The Daily Courier posted an article about the E-mail accounts of a few police officers getting hacked and posted online for the world to see. While I generally disapprove of crap like Wikileaks or the posting confidential information in any online forum, here’s what caught my eye:
“This leak has names, addresses, phone numbers, passwords, social security numbers, online dating account info, voicemails, chat logs, and seductive girlfriend pictures belonging to a dozen Arizona police officers. We found more internal police reports, cops forwarding racist chain emails, k9 drug unit cops who use percocets, and a convicted sex offender who was part of FOP Maricopa Lodge Five,” the [hacker] group said.
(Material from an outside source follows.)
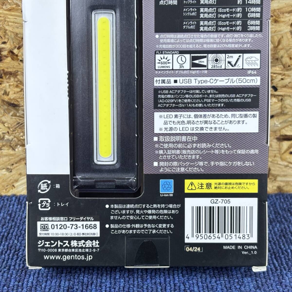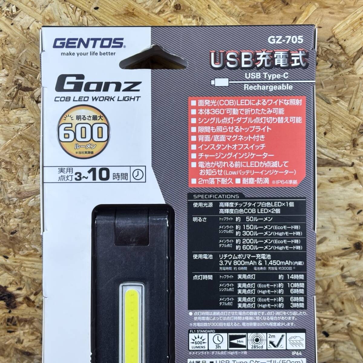 【新品未使用品】GENTOS ガンツ LEDワークライト 600ルーメン GZ-705 ジェントス ハイパワーバーライト LEDライト 作業灯 照明 A360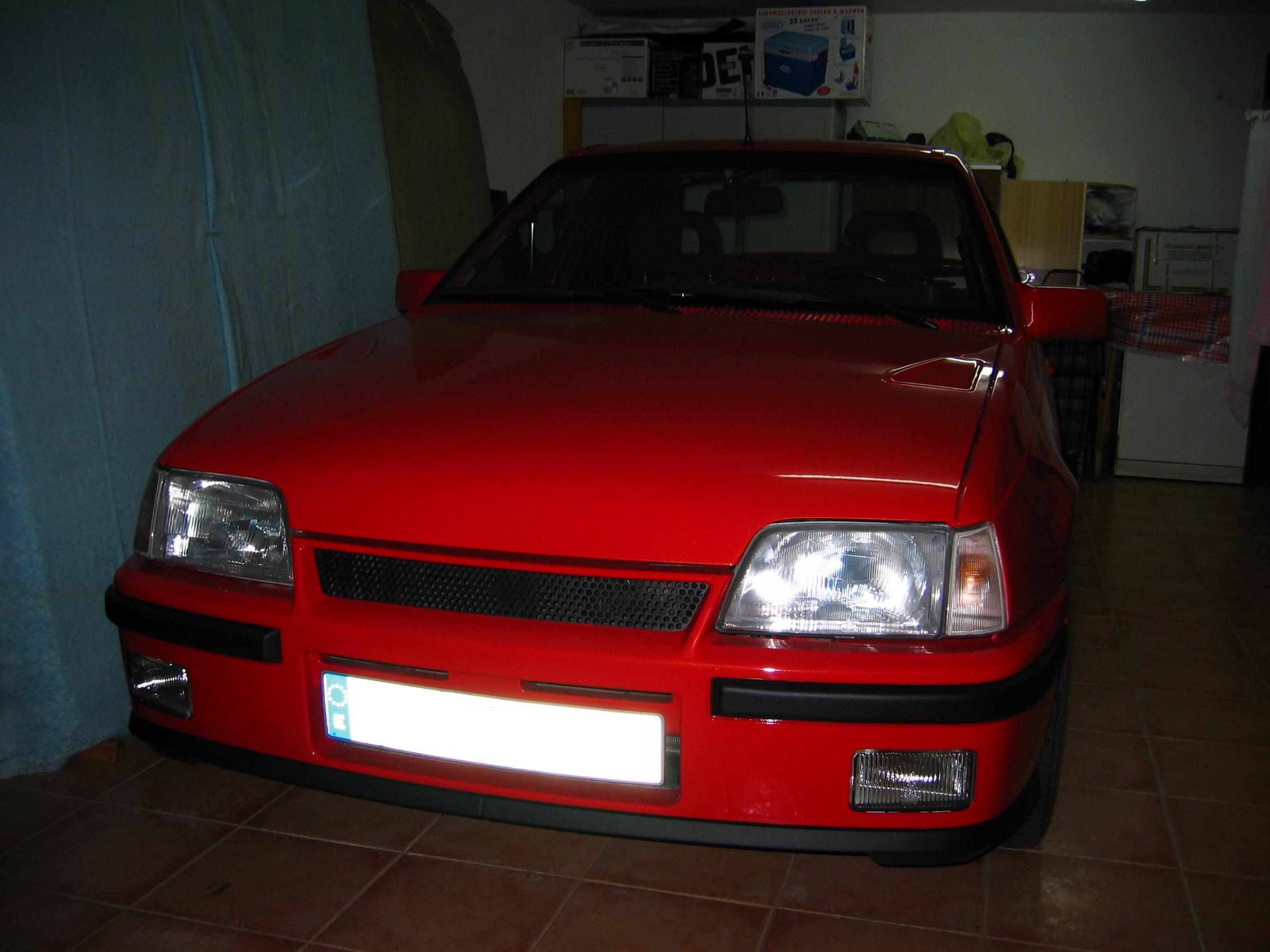 lleva las gantas del calibra y está bajado de suspensión,lleva el paragolpes delantero del gsi con sus antinieblas(todas las opticas tanto delanteras como traseras son nuevas),las taloneras del gsi 4p,los pilotos traseros son del cabrio(doble luz marcha atras),los antinieblas traseros son del gsi y van incrustados en el paragolpes(aun sin montar), y el paragolpes trasero está pintado y alisado para mantener la línea con el delantero.

Now technically I don’t think any of that is illegal, but the statement does certainly paint the police in a bad light. In my personal opinion, the police should hold themselves to the highest standard of morality and ethics and should be ready to stand inspection and be accountable for anything found to be less than exceptional. However, cops are people too and they have a reasonable expectation to privacy that should not be violated by anyone.
Never the less, this is a lesson and prime example to the rest of us to not trust anything connected to the Internet. If the cops can get pwned, where does that leave the rest of us? My personal rule: If it can transmit, don’t trust it. Of course, it also helps if one is not a racist drug-abusing sex offender.